The first line of input contains two integers n and m (1 ≤ n ≤ 19, 0 ≤ m) – respectively the number of vertices and edges of the graph. Each of the subsequent mlines contains two integers a and b, (1 ≤ a, b ≤ n, a ≠ b) indicating that vertices aand b are connected by an undirected edge.

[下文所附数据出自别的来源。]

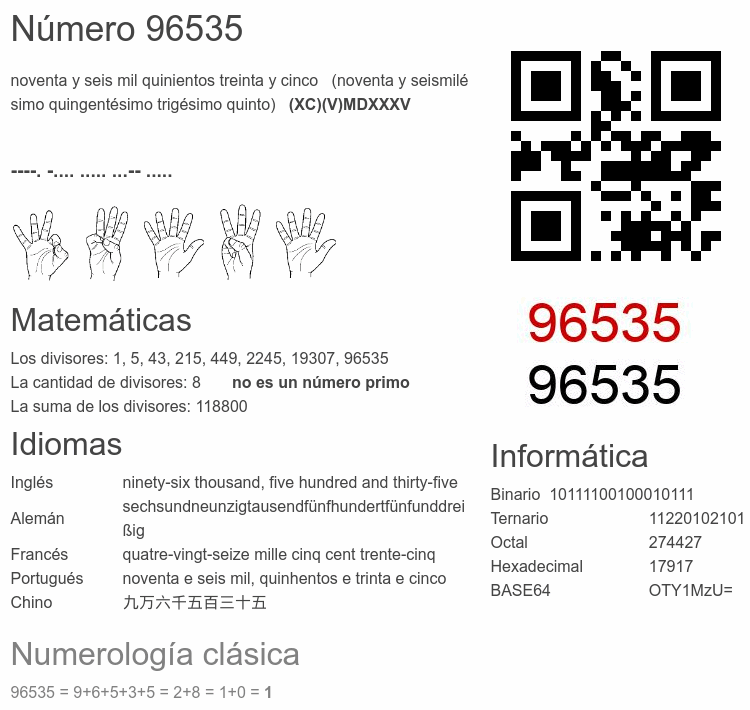 Si conoce algo interesante sobre el número 96535 o cualquier número natural (entero positivo), por favor escríbanos.Número 96 535 en otras unidades
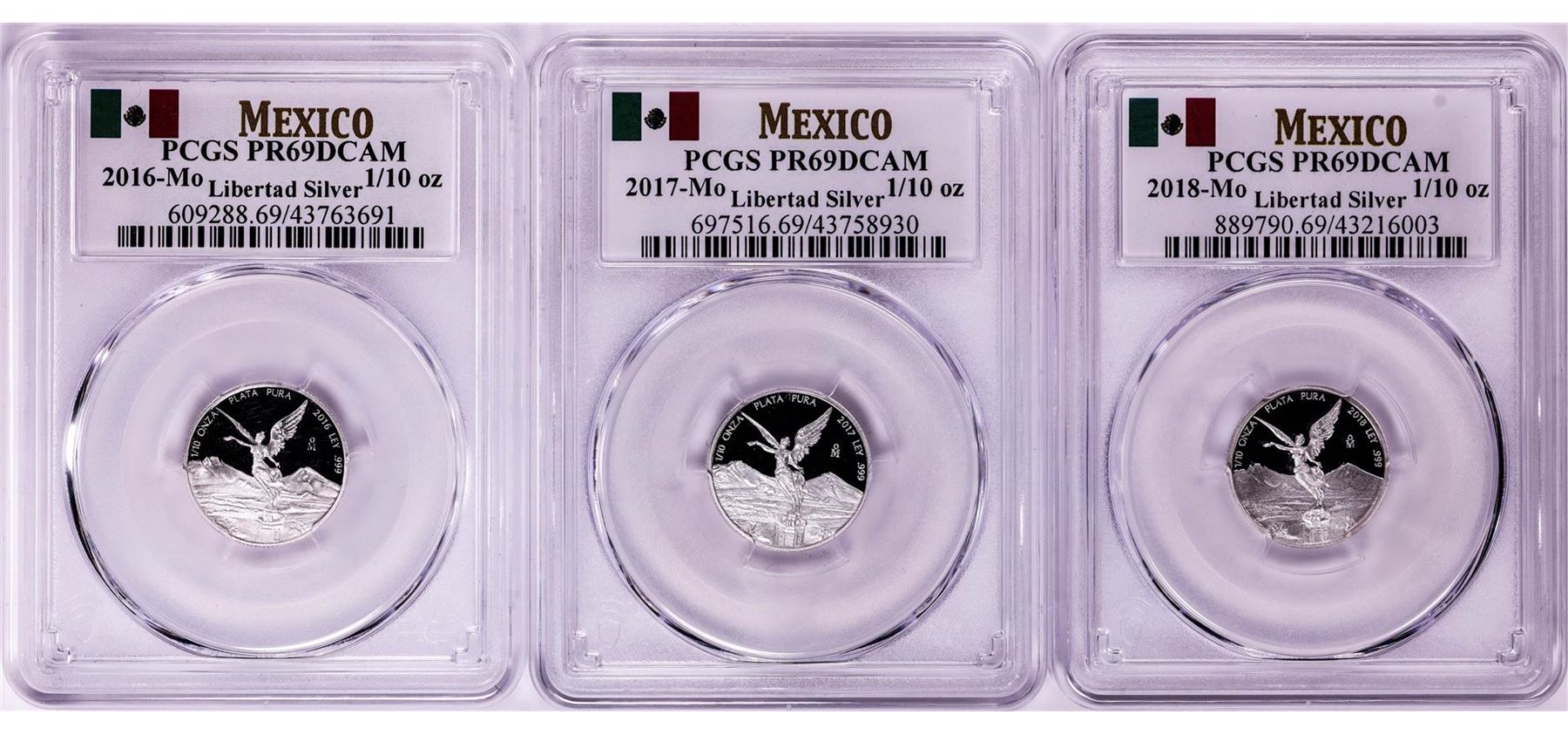 2016-2018-Mo Mexico Proof 1/10 oz Silver Libertad Coins PCGS PR69DCAM

There is no more than one edge connecting any pair of vertices.

Output

Output the number of cycles in the given graph.

Example

Input

4 6
    1 2
    1 3
    1 4
    2 3
    2 4
    3 4

Output

题目题意:求一个无向图环的个数

题目分析:dp\[i\]\[j\]表示在i状态下，最后一个为节点j，能到达此状态的方式数，(我看了一些博客，有的人说保存的是环的个数，感觉不是特别妥，最简单的例子，初始化为1的时候，dp\[1<<(i-1)\]\[i\]=1,不一定存在自环），如果存在一条路G\[j\]\[pos\],pos为第一个节点，那么ans+=dp\[i\]\[j\];

代码如下:

#include<iostream>
    #include<cstring>
    #include<cstdio>
    #include<cmath>
    #define ll long long
    using namespace std;
    
    const int maxn=20;
    bool G[maxn][maxn];
    ll dp[(1<<20)][maxn];
    bool check (int n)//节点个数大于等于3才行
    {
        int cnt=0;
        for (int i=1;i<=20;i++) {
            if (n&(1<<(i-1))) cnt++;
        }
        return cnt>=3;
    }
    int main()
    {
        int n,m;
        scanf("%d%d",&n,&m);
        memset (G,false,sizeof (G));
        memset (dp,0,sizeof (dp));
        for (int i=1;i<=m;i++) {
            int a,b;
            scanf("%d%d",&a,&b);
            G[a][b]=G[b][a]=true;
        }
        ll ans=0;
        for (int i=1;i<=n;i++) {
            dp[1<<(i-1)][i]=1;
        }
        for (int i=1;i<(1<<n);i++) {
            int pos=0;
            for (int l=1;l<=20;l++) {//找头
                if (i&(1<<(l-1))) {
                    pos=l;
                    break;
                }
            }
            for (int j=pos;j<=n;j++) {
                if (i&(1<<(j-1))) {
                    for (int k=pos;k<=n;k++) {
                        if (!(i&(1<<(k-1)))&&G[j][k]) {
                            dp[i|(1<<(k-1))][k]+=dp[i][j];
                            if (G[pos][k]&&check(i|(1<<(k-1)))) ans+=dp[i][j];
                        }
                    }
                }
            }
    
        }
        printf("%lld\n",ans/2);//重复了一半+
        return 0;
    }